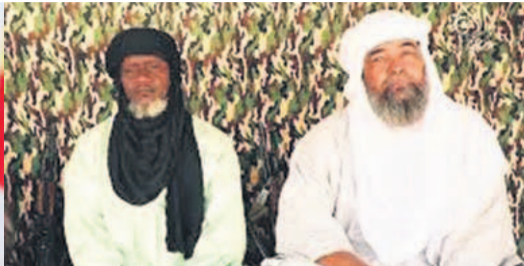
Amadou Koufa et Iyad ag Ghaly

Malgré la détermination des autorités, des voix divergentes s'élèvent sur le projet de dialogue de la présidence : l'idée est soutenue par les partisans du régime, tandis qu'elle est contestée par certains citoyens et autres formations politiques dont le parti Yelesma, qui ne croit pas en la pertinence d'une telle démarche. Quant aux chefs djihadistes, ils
============================================================
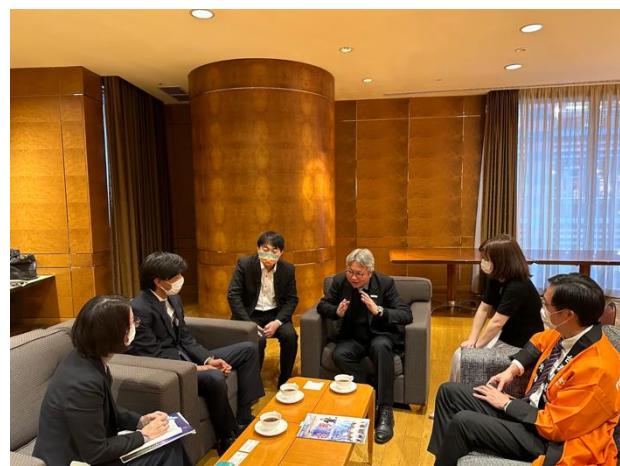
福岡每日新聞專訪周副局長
============================================================
• _PROBLEM REQUIREMENTS_:
Taking the listing above as the source, transcribe only the lines starting at the line with "Amadou Koufa et Iyad ag Ghaly" and going through the line with "Malgré la détermination", unaltered and with both ends included.

• _SOLUTION TO THIS PROBLEM_:
Amadou Koufa et Iyad ag Ghaly

Malgré la détermination des autorités, des voix divergentes s'élèvent sur le projet de dialogue de la présidence : l'idée est soutenue par les partisans du régime, tandis qu'elle est contestée par certains citoyens et autres formations politiques dont le parti Yelesma, qui ne croit pas en la pertinence d'une telle démarche. Quant aux chefs djihadistes, ils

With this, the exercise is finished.